Urgency means scarcity. Scarcity creates momentum. Lack of scarcity creates, “Yeah, yeah, I’ll get down to it.”
So if you’re having an event and have no recording of the event–hey, scarcity.
If you’re giving a presentation that’s the key to getting to the top of Google (and no one knows about this secret)–urgency again.
But you say: I don’t know any secrets. Yeah right! You do know secrets. It’s not the secret that matters. It’s the packaging of the secret that really driveth home that urgency.

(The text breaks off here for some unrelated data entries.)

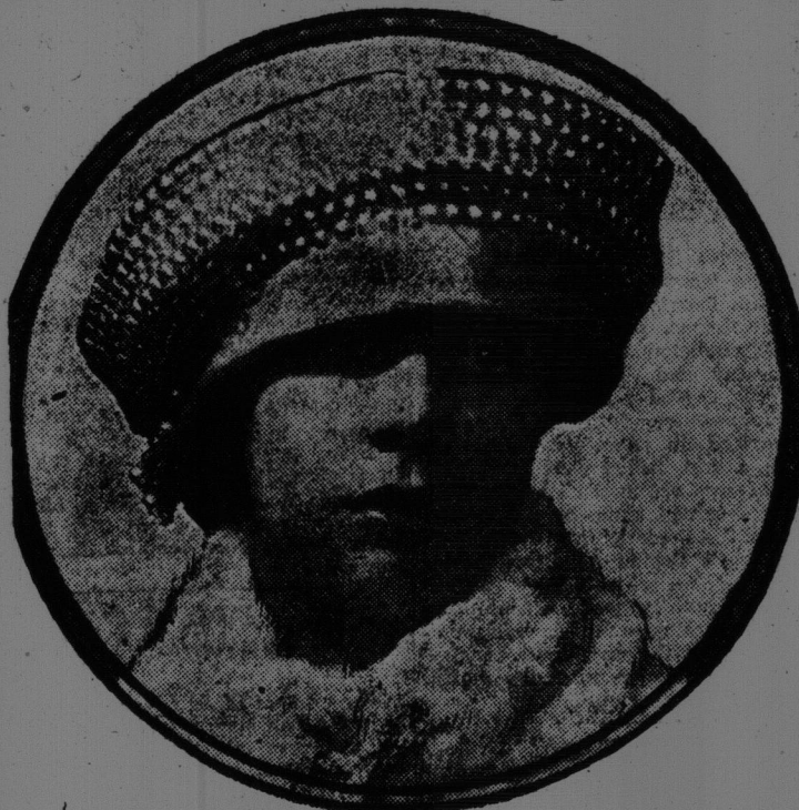
A new portrait of Virginia Valli, film star.

Complaints have come from time to time to the Board of Health since the pasteurization of milk has been made compulsory, that the baby will not drink it, the supposed reason being a been heated by her, and invariably heat. We wish to advise that this is largely the imagination of the mother, for the reason that since the world began to be civilized and an infant was fed upon milk other than the mother's, it has been heated by her, and invariably heated to a higher temperature than that used in scientific pasteurization. It is the high temperature that will cause the change in flavor. Physicians under certain conditions of the health of the baby will order milk to be boiled. Does the baby object to the change in flavor caused by boiling if the doctor order it? No. It is considered by the mother as a correct food for the child, and no particular notice is taken as to whether the child likes it or not. Why should the infant object to scientifically pasteurized milk, as done in an up-to-date milk plant, when they do not object to milk heated, trebled and
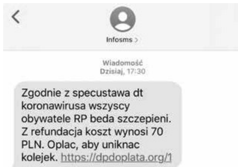
Graphic 6. Print screen from the Zaufana Trzecia Strona website.

On the same day, another campaign emerged to defraud bank customers (graphic 6).
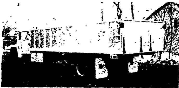
Aluminum Grain Body

Manufacturer of ALL ALUMINUM TRUCK BODIES Livestock, Grain and Bulk Feed
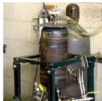
Equipment used for cylinder testing (left), and PRV testing (right)
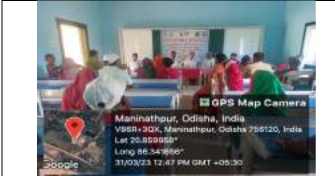
SDJ HIGH SCHOOL
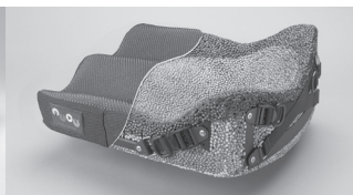
▲ The Ride Custom Cushion*

*Cut away view of spacer mesh integrated cushion cover.
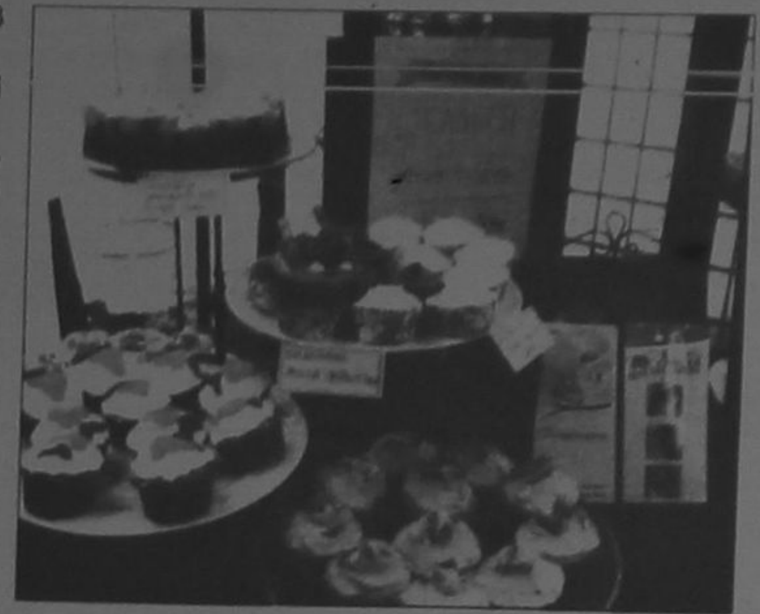
The staff at Stouffville Florist baked these yummy cupcakes in support of the Cancer Recovery Foundation.

The Cancer Recovery Foundation helps families and patients during the recovery stages of cancer, both financially and through healing help. The charity can be reached through their website at www.cancerrecovery.ca or by phone at 905-477-7743.
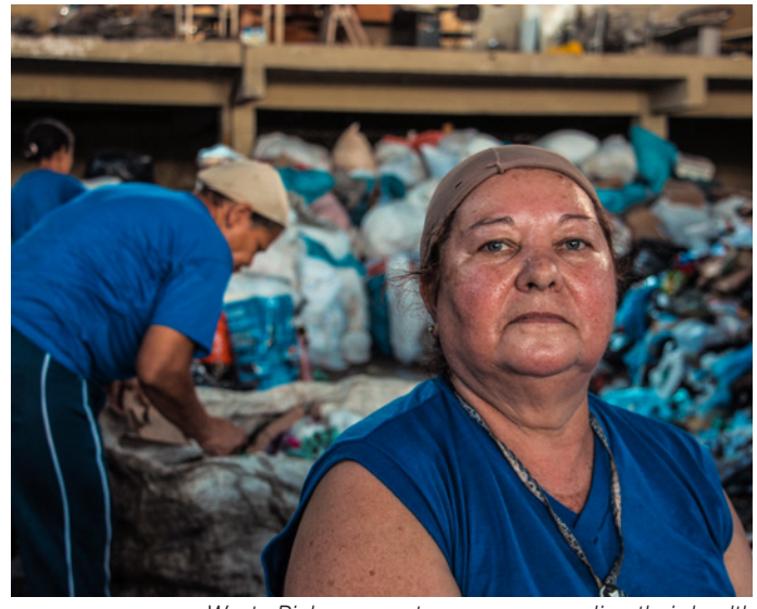
Waste Pickers report concerns regarding their health during the Cuidar Project.

So if you run a yoga class and announce:
1) Let’s talk about ‘yoga’ . Now that is kinda boring.
2) We’ll do ‘yoga asanas’ is kinda boring too.
3) But ‘Find out three breathing yoga steps that will help you sleep well tonight (and every night)..shucks, that’s what I want to know.
Packaging creates urgency.
Scarcity creates urgency.
And curiosity creates urgency.
But let’s kill curiosity and go straight to value
You’re still curious about curiosity, aren’t you? See what I mean? We’re gone over the hill and into the meadow of ‘value’, but no. Your station wagon is stuck at curiosity. And curiosity does create urgency, because if you’re going to reveal a ’secret’, people want to know the secret. The ’secret to a sound sleep’ makes me curious, you see.
Ok enough curiosity…let’s really move to value
If you don’t value your event, your product, your whatever…then how will the client value it? Can’t happen; won’t happen. If you simply give away stuff then the customer will either not show up to take the stuff; or show up and have zero-value. So you must, must, must put a price on the material; on the event; on your offering. What’s it worth? How much do they stand to lose if they don’t get it now.
Then mix up all of the urgency, the barriers, the rules, the opt-in, the curiosity.
And watch how something that was free–and pretty valueless–now becomes the object of your customer’s desire.
What’s more, they don’t just want your offering. They want it now. Like yesterday.